Il nome del teatro è dunque diventato sinonimo degli spettacoli che si celebravano al suo interno: forme di suggestione collettiva miranti a far dimenticare il confine tra la verità e la finzione, portando gli spettatori a chiedersi se il sangue che sprizzava sul palco fosse frutto di fendenti reali, o solo di finzione scenica. Nel 1994 Neil Jordan, nel suo pittoresco e ridondante “Intervista con il vampiro”, utilizza proprio il Grand Guignol per inscenare un sacrificio umano: un brano di famelici vampiri che azzanna e dissangua una giovane donna, dinanzi ad un pubblico estasiato e sgomento, convinto che tutto non sia che una sceneggiata. L’uccisione travestita da spettacolo, ovvero uno dei sogni di qualsiasi sadico, con tanto di folla plaudente, dinanzi alle gesta dell’assassino.

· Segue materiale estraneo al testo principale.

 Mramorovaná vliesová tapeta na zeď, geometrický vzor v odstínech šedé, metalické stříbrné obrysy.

La tradizione legata al macabro, al cruento, alla spettacolarizzazione della sofferenza è giunta sino a noi veicolata spesso dalla tradizione, che sovente ha attribuito un valore culturale a rituali in cui la morte, il dolore, il sangue, hanno dominato la scena. Le famose mattanze dei pescatori siciliani, le corride spagnole, le sfide in cui uomini e animali si fronteggiano, ancora oggi, quasi incuranti della nostra evoluzione, ed infine il Palio. Già, a Siena, nel 2018, pochi giorni fa, la corsa di cavalli forse più famosa del mondo ha alzato il sipario su un’orrida sequenza di cadute, infortuni, dolore e morte.

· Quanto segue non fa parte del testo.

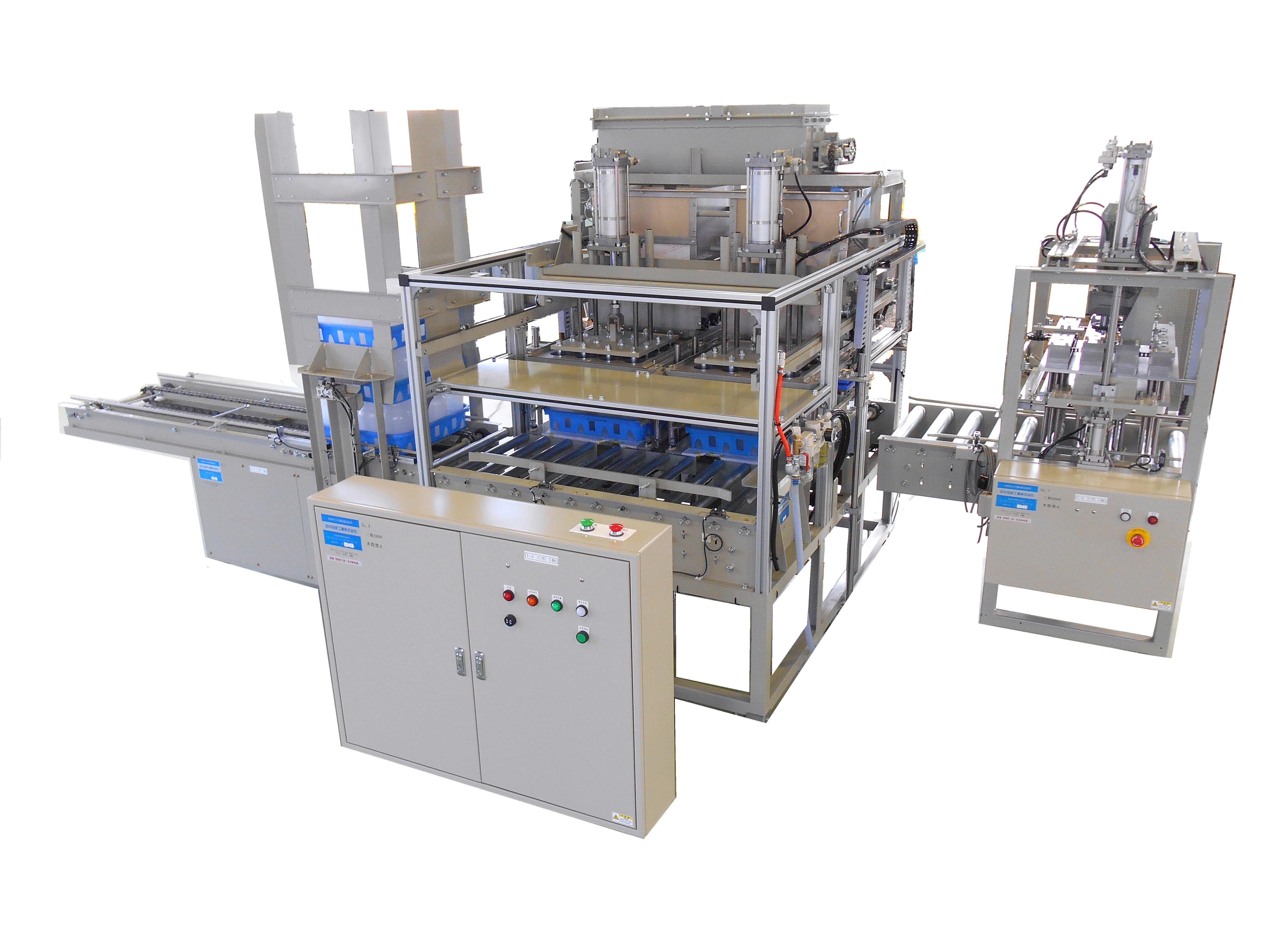 きのこ栽培瓶に培地を詰め込む自動機です。 振動をさせながら均等な重量の培地を瓶に詰め込み、床面に種菌を落とす穴を成形します。 原料のビン詰めから穴あけの作業工程を1時間に4500本の処理能力で行います。

Raol, il cavallo della contrada della Giraffa, è stato abbattuto, dopo una carambola che gli ha procurato una grave lesione ad una zampa. Le immagini della torsione innaturale dell’arto del cavallo hanno fatto il giro del mondo e gli amanti del Grand Guignol avranno potuto osservare, fotogramma per fotogramma, la distruzione di un arto, prima di mettere a fuoco che quella sequenza, dopo poche ore, avrebbe portato alla soppressione di una vita. Si dirà: è tradizione. Già, la tradizione, questa “traditio”, questo passaggio, da mano a mano, secondo gli usi e i costumi degli antichi romani, che oggi diventa marchio di praticabilità. Una corsa pericolosa, spesso fonte di infortuni per i cavalli che vi partecipano, ma in fondo, una rinnovata e secolare esperienza, che pare giustificare l’orrore, relegandolo ad effetto collaterale di un potente farmaco salvavita. Un bisogno insopprimibile di ripetere la corsa fa scempio del dolore immotivato di magnifiche creature. Il rapporto deviato tra passato e presente, una rimozione acritica del sentire accresciuto da secoli di consapevolezza e civiltà, annegano la sensibilità dell’umano vitruviano, lasciando il campo alla plebe assetata di sangue bollente. Mancano i ceppi su cui mozzare mani e teste, o squartate giovani fanciulli, sacrificati alle divinità maligne della natura. A questa tradizione non siamo ancora arrivati, sembreremmo averci rinunciato, ma quanto al resto, se si tratta di cavalli, possiamo ancora dare il peggio di noi, giustificati da secoli di barbara e cieca abiezione.